Kaum gibt es mehr Velos, sind auch ihre Parkplätze ein Thema. Denn genauso wie Autos stehen auch Velos den grössten Teil des Tages herum. In den Quartieren ist das kein Problem, aber in den Zentren und vor allem an Bahnhöfen wird es eines. Doch Parkraumbewirtschaftung für Velos ist ein neues Thema. «Das ist noch nicht überall angekommen», sagt Karl Vogel. «Generalunternehmer bauen noch immer zu grosse Tiefgaragen mit unvermietbaren Autoparkplätzen, vergessen aber die Veloparkplätze.»
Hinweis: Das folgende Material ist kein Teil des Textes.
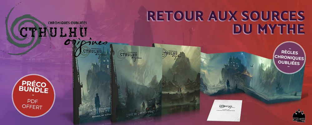 La gamme motorisée par Chroniques Oubliées qui revient aux sources de l'oeuvre de Lovecraft, c'est Cthulhu Origines dont la lente et mouvementée gestation arrive enfin à son terme : nous fignolons les derniers détails sur les aides de jeu, les fiches de prétirés et les dossiers de personnage avant de boucler le projet pour départ à l'impression. Toutes les versions PDF des ouvrages ont déjà été livrées aux backers et précommandeurs : Livre de l'Archiviste (MJ) et du Témoin (PJ), écran de jeu et recueil de scénarios auquel ont participé plusieurs auteurs réjouissants : Sylvain Forge, Nathalie Zema, Alexis Flamand, Christophe Rosati, Willy Dupont et Benjamin Ott !

So versuchen die Schweizer Planer, sich immer mehr dem Vorbild der Niederlande anzunähern. Die Fahrbahnen der dortigen Radschnellwege haben eine spezielle Oberfläche, sind beleuchtet, in angenehmem Abstand zu den Strassen und teilweise so angelegt, dass die Autofahrer im Stau die schnellen Velofahrer in der Ferne vorbeisausen sehen können – als Provokation und Denkanstoss. Zudem achten die Planer darauf, dass die Strecken eine gewisse Abwechslung bieten. «Zehn Kilometer in einer flachen, gleichförmigen Landschaft gegen den Wind zu fahren, kann sehr anstrengend sein», sagt Planer Sjors van Duren. Die Strecken werden deshalb so geplant, dass sie sich geistig in einzelne Abschnitte mit Kirchen, Bäumen, Unterständen oder Pausenplätzen als Wegmarken unterteilen lassen. Auch mit psychologischen Tricks bringt geschickte Planung Leute aufs Velo: indem sie ihnen das Gefühl gibt, es sei nicht so weit, und sie dann stolz sein lässt über die lange Fahrt.
Das E-Bike hat das Verhalten der Velofahrer, aber auch die Planung der Infrastruktur massiv verändert. Damit werden die Tempi höher und die zurückgelegten Strecken länger, sodass neue Gemeinden in die Velodistanz der Städte rücken. Der Kanton Bern überlegt sich deshalb Radschnellwege zwischen Bern und Thun oder Bern und Biel. Während ausserorts die E-Bikes ihre Leistung auch auf Radwegen voll ausfahren sollen, wird innerorts ein Tempolimit von 30 Kilometern pro Stunde zum Thema. Denn die schnellen Elektrofahrräder (bis 45 km/h) sind oft gleich schnell wie die Autos. Für die langsameren «Bio-Biker» (also ohne Motor) ist es sehr unangenehm, von so schnellen Fahrzeugen überholt zu werden. Die schnellen Fahrer können dann wählen: entweder mit 30 auf dem Veloweg oder mit 45 zwischen den Autos. Die Elektrovelos vergrössern aber nicht nur die Velodistanzen, sondern verändern auch die Velotopografie. Hügelige Städte wie Zürich, Genf oder Lausanne müssen sich dank der E-Bikes nun Gedanken zu Radwegen für Routen machen, auf denen früher kaum jemand mit dem Velo unterwegs war und wo Planer und Verkehrsteilnehmer bisher nur ans Auto gedacht haben.